In this article, we present our work on estimating isoform-specific gene expression while allowing for non-uniform read distribution along transcripts. Knowledge of isoform expressions is of fundamental biological interest to researchers due to their direct relevance to protein function and disease pathogenesis. Recent evidence suggests that almost all multiexon human genes have more than one isoform (4), and different isoforms are often differentially expressed across different tissues, developmental stages and disease conditions. Therefore, correctly estimating isoform-specific gene expression is important for understanding complicated biological mechanisms and for mapping disease susceptibility genes using expression quantitative trait locus (eQTL) or splicing QTL approaches (5,6).

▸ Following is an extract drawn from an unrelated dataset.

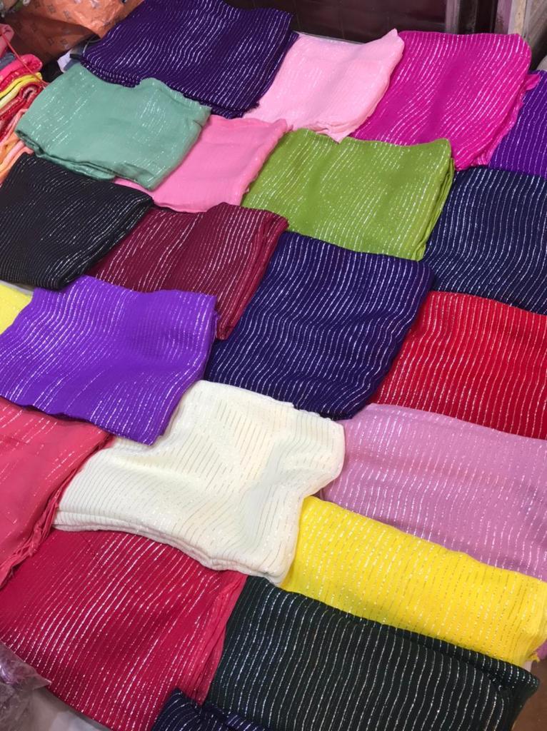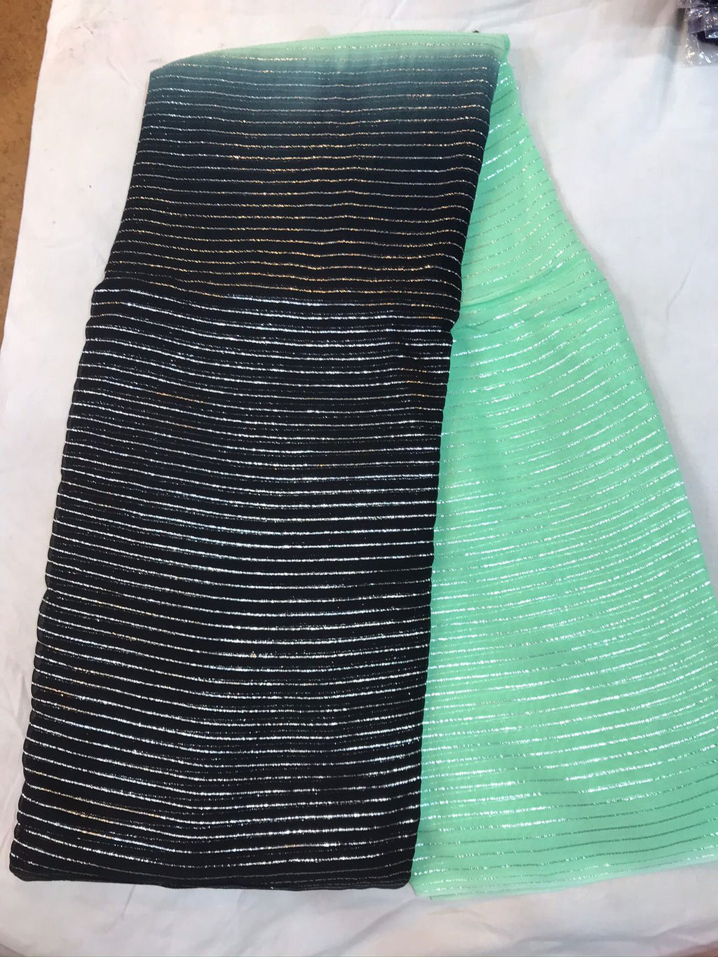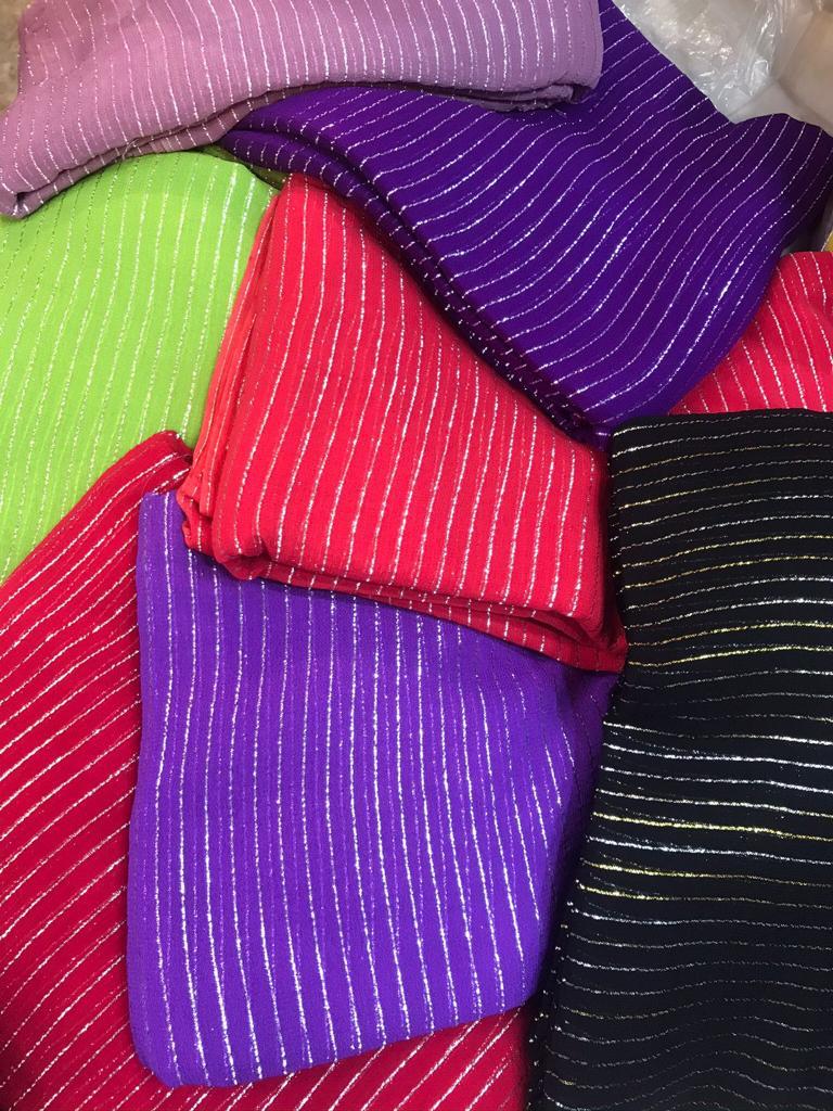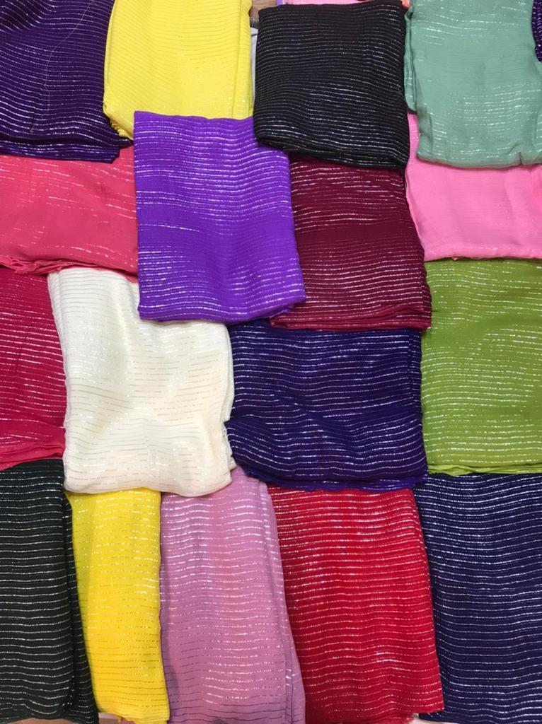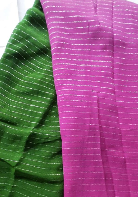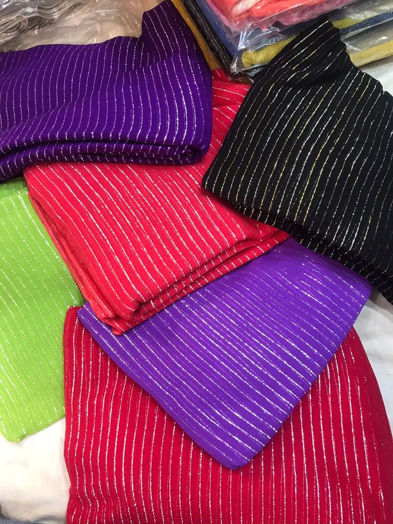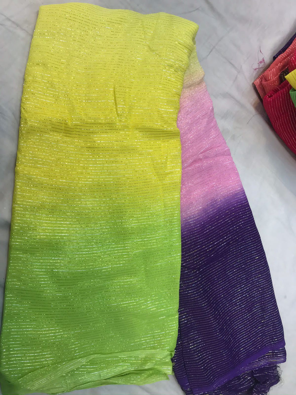 • The modern looking pure Georgette saree is having an elegant silver zari lurex lines design all over the saree. The complementary sequins blouse gives this saree a stylish look.

However, estimating isoform-specific gene expression is challenging because the current technologies can only sequence complementary DND (cDNA) molecules that represent partial fragments of the RNA. Additionally, most reads that are mapped to a gene are shared by more than one isoform, making it difficult to discern their isoform origin. An even more serious issue that complicates gene expression estimation is various biases present in RNA-Seq data. Many methods for estimating gene expression in RNA-Seq assume the sequenced fragments (or reads) are uniformly distributed along transcripts (7–10), i.e. the starting positions of sequenced fragments are chosen approximately uniformly along a transcript. Under this assumption, it is straightforward to model read counts using a Poisson distribution (7,10). However, it is widely acknowledged that the true distribution of fragment start positions deviates substantially from uniformity and varies with the fragmentation protocol and sequencing technology. In the presence of such bias, the accuracy of isoform expression inference based on the uniformity assumption will deteriorate.
Li et al. (11) showed that correcting bias caused by local sequence difference significantly increased the accuracy of gene expression quantification; for genes demonstrating high degree of non-uniformity, their correction led to 26–63% relative improvement for accuracy. Although encouraging, this method only considers bias due to local sequence difference. As shown by Li et al. (11), only <50% of the non-uniformity can be explained by local sequence difference. Recognizing the importance of this problem, several other methods have been developed. Li and Dewey (12,13) modeled the empirical read distribution using all mapped reads in the transcriptome, whereas Wu et al. (14) considered gene-specific empirical distribution. Lin et al. (15) proposed a parametric model that specifically models the non-uniformity caused by RNA degradation. Roberts et al. (16) developed a variable length Markov model that corrects both sequence and positional bias. Nicolae et al. (17) implemented a reweighting scheme to correct for hexamer and repeat bias (18). More recently, Li et al. (19) proposed a quasi-multinomial model with a single parameter to capture positional, sequence and mapping biases. Although these methods have advanced the field, they either oversimplify the problem or provide complex solutions, neither of which is ideal.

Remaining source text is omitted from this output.